The first couple of paragraphs really gave me the feeling that there is no connection between Hermione and Ron anymore (I hadn't realized that they lived together? Which obviously makes complete sense, but for some reason surprised me...) It feels like they are leaving two parallel lives. Close, but not touching. Which makes sense, because Hermione is so lost in her own head (and that's completel natural, too) but I wish Ron would open his eyes and realize that something is wrong and try to get through to her... but he is so oblivious... I mean, of course he knows she's suffering, and he is trying, but you can tell it's not enough? I find it so frustrating!

I would've thought they'd got rid of the toilet entrance after Voldemort's defeat? Totally unimportant note, just a thought... :P

Harry passing a hand through his hair nervously made me smile! I love that gesture because it's something that links him to his father and I always find it so cute, don't know why... <3 I'm glad he's trying to watch out for Hermione, I love their friendship! He clearly cares so much, and I thought it was incredibly thoughtful of him to suggest her to take some more time and delay the wedding... it's obvious that she doesn't feel ready for it, and the fact that she's just going through because it's easier makes me sort of angry... I wish she would listen to the people around her more...

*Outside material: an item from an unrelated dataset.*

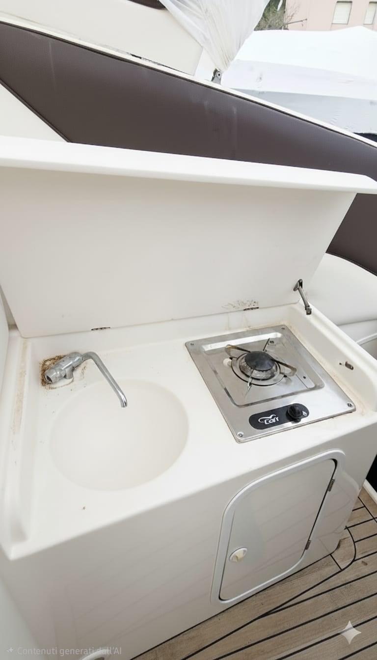 Allarme motore, Apertura Vano Motore Elettrica, Autoclave, 4 Batterie (2025), Doccia esterna, Flap elettrici, Flap idraulici (N°2), Parabordi, Piattaforma, Pompa di sentina automatica, Pozzetto Teak (2023), Presa 220V banchina, Raddrizzatore, Rollbar, Salpa Ancore Elettrico, Scaletta da bagno, Tavolo pozzetto (con piede telescopico), Tromba.
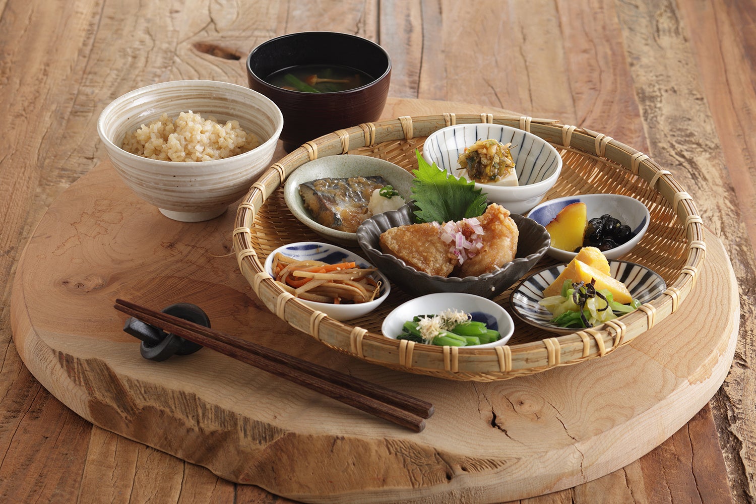 「玄米食堂あえん」では、玄米をより親しみやすい味わいや香り、食感にするために、白米と千葉県産のコシヒカリ玄米を2:8でブレンドした「二八玄米」を使用し、独自の比率や炊き方でふっくらと炊き上げています。おかずや小鉢は、「里山の恵み」を感じていただけるシンプルで優しい味わいで、玄米・肉・魚・野菜など、いろいろな食材をバランスよくお楽しみいただけるメニューをご用意しております。

I love all the details you put into the wizarding legislation and how much pureblood supremacists have influenced it and have tried to make it unchangable, it's such great worldbuilding! I do wonder why Draco is so invested in changing things? I mean, I get that he felt probably guilty about his Death Eater past, but it seems there are more personal, profound reasons here, and he doesn't want to share them, so it makes me wonder... we all have our promises we've made, which promises and to whom? Astoria? Narcissa? I want to know! (Btw, how hard must it have been for him, losing both his wife and his mother at such a short time from each other... :/)

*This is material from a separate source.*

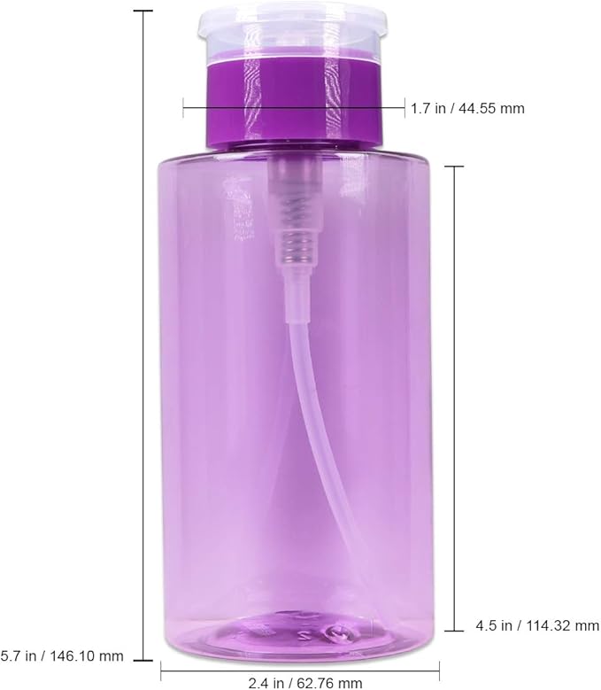 10oz Purple Push Down Pump Dispenser Empty Refillerble Bottle with Flip Top Cap - for Nail Polish, Travel, Cosmetics Packaging

How ironic that Draco can understand Hermione much better than anyone else? And how ironic that he is the only one who can actually make her feel something? (Even if that something is deep irritation... still, he makes her feel alive in a way no one else seems to be able to...)

I think I know who sent the diary... :P

Hermione should take better care of herself... not eating is not good... but again, it's not that strange of a reaction... I feel so bad for her... :(

I hope writing in the journal will help, if nothing else...

Another great chapter! I'll be back in a moment! <3

Snowball hug,

Chiara



Name: Felpata_Lupin (Signed) · Date: 27 Jun 2020 07:56 AM · For: Chapter 1

Hello, Cassie, my dear!

I'm here for your request (super late, I know... forgive me...) and for the sandcastle event, too! ;)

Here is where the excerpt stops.